The problem: Print the listing below again, exactly. Skip the pictures.

* * * *

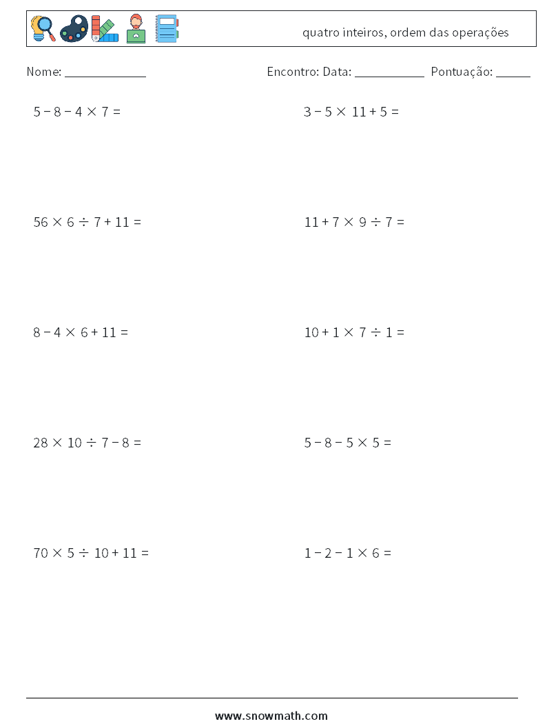 (10) quatro inteiros, ordem das operações planilhas matemáticas 4
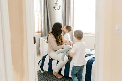 There is something so sweet about photographing your family in your own home. The kids are excited to show me their rooms and favorites toys and to have these memories of this time in your life in your own environment is so special. Do not worry if your home is not perfect. No one’s home is! I carve out little nooks and focus on where there is great light and true connection, belly laughs and real moments. The focus is always on your love vs your home. That is the good stuff!
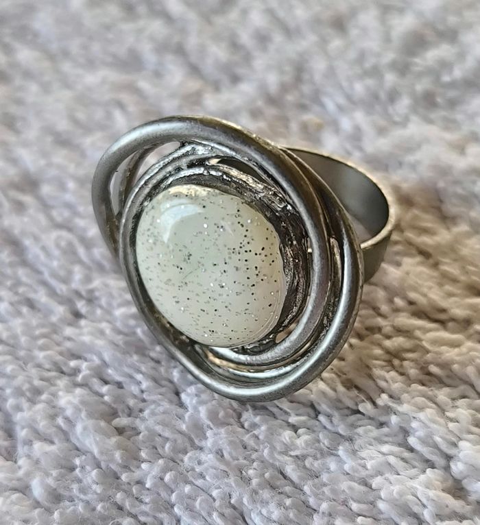 Bague ajustable, blanc pailleté, Taille de 54 à 66 env - photo numéro 2
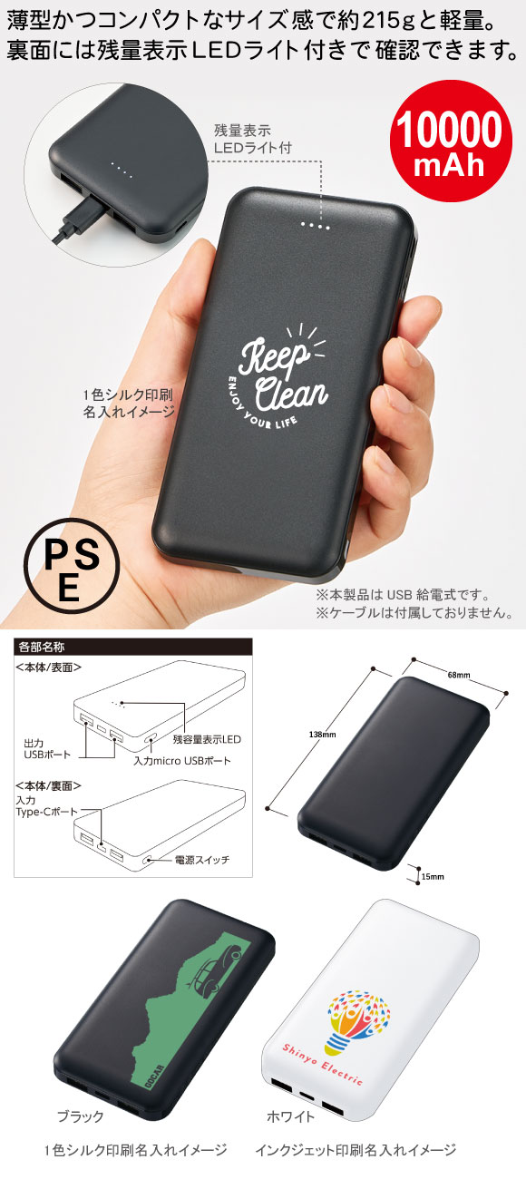10000mAhでご用意しており、用途やご予算にあわせてお選びいただけます。PSEマークは本体側面にあるため、本体表裏に広く印刷範囲を取ることができ企業グッズやイベントノベルティなど様々な案件にご提案いただけます。
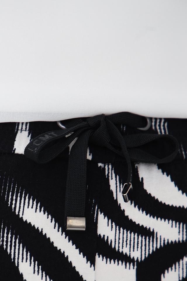Эти стильные брюки от Lecomte – отличный выбор для тех, кто ценит оригинальность и комфорт. Брюки выполнены в эффектном чёрно-белом принте, имитирующем шкуру зебры, что делает их ярким и запоминающимся элементом гардероба.
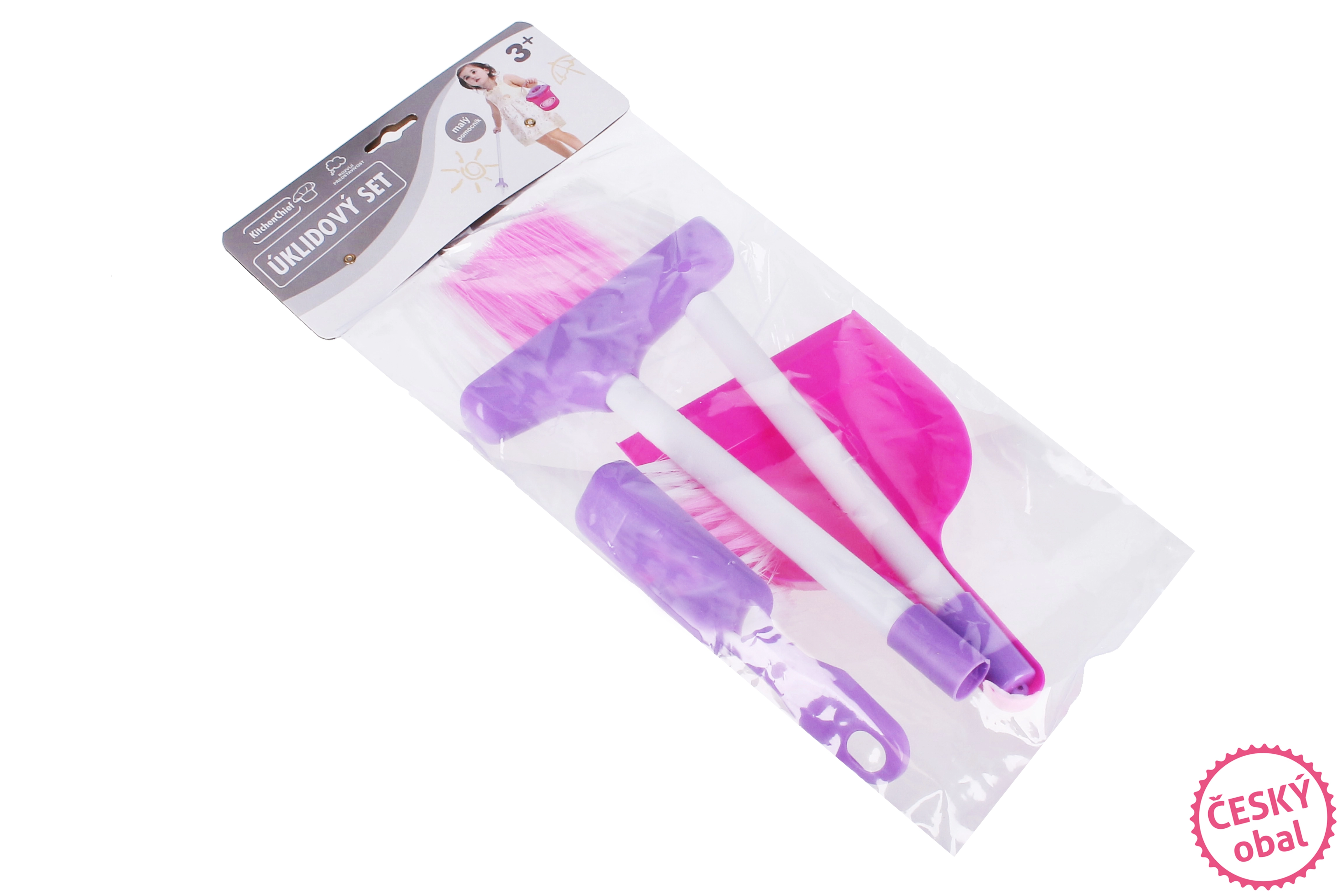 Praktisks bērnu uzkopšanas komplekts sastāv no 3 daļām – liekšķeres, birstītes un saliekamā grīdas birstes. Izgatavots no izturīga plastmasas rozā-baltā krāsā, ideāli piemērots mājas spēlēm un smalkās motorikas attīstībai. Saliekamā birste viegli ietilpst mazākā rotaļlietu kastē.
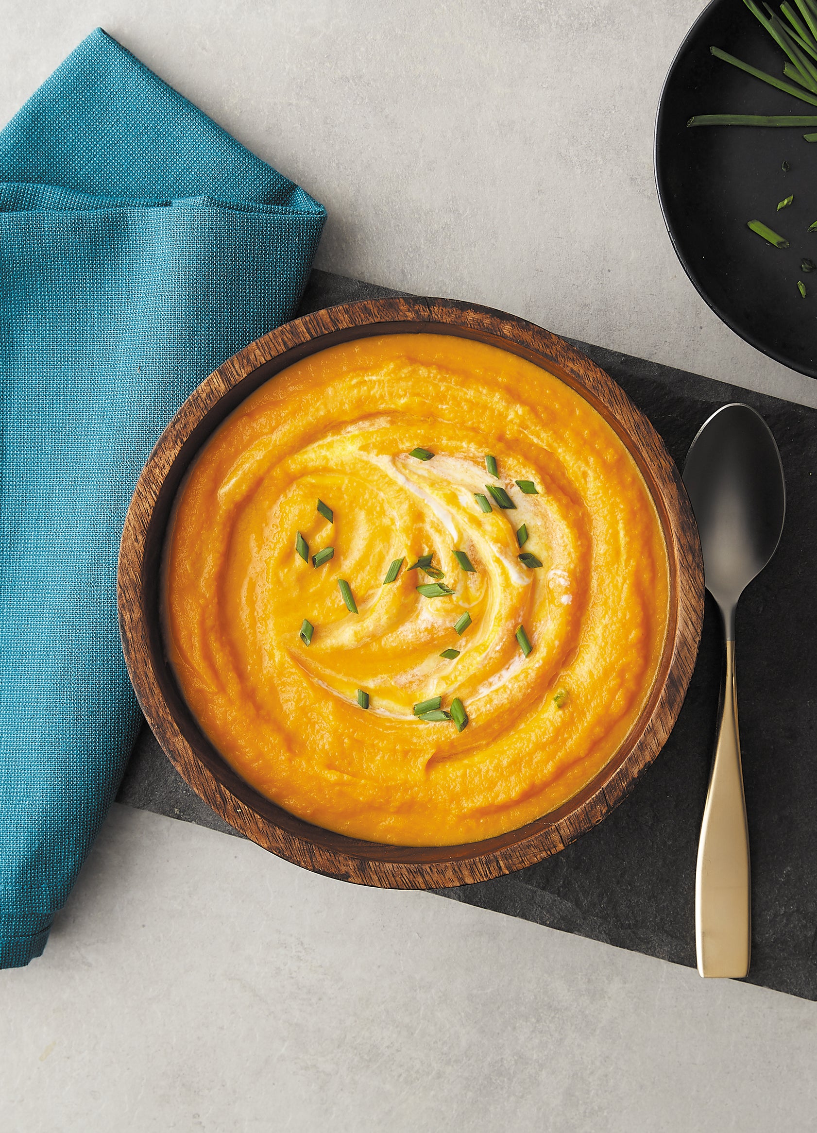 Here’s a total orange delight. Fresh-squeezed orange juice gently enhances the natural sweetness of carrots and onions. It’s rich and satisfying in flavor and vitamins, and so beguilingly tasty the kids will love it too.

* * * *

Problem solution:
 (10) quatro inteiros, ordem das operações planilhas matemáticas 4
 There is something so sweet about photographing your family in your own home. The kids are excited to show me their rooms and favorites toys and to have these memories of this time in your life in your own environment is so special. Do not worry if your home is not perfect. No one’s home is! I carve out little nooks and focus on where there is great light and true connection, belly laughs and real moments. The focus is always on your love vs your home. That is the good stuff!
 Bague ajustable, blanc pailleté, Taille de 54 à 66 env - photo numéro 2
10000mAhでご用意しており、用途やご予算にあわせてお選びいただけます。PSEマークは本体側面にあるため、本体表裏に広く印刷範囲を取ることができ企業グッズやイベントノベルティなど様々な案件にご提案いただけます。
Эти стильные брюки от Lecomte – отличный выбор для тех, кто ценит оригинальность и комфорт. Брюки выполнены в эффектном чёрно-белом принте, имитирующем шкуру зебры, что делает их ярким и запоминающимся элементом гардероба.
 Praktisks bērnu uzkopšanas komplekts sastāv no 3 daļām – liekšķeres, birstītes un saliekamā grīdas birstes. Izgatavots no izturīga plastmasas rozā-baltā krāsā, ideāli piemērots mājas spēlēm un smalkās motorikas attīstībai. Saliekamā birste viegli ietilpst mazākā rotaļlietu kastē.
 Here’s a total orange delight. Fresh-squeezed orange juice gently enhances the natural sweetness of carrots and onions. It’s rich and satisfying in flavor and vitamins, and so beguilingly tasty the kids will love it too.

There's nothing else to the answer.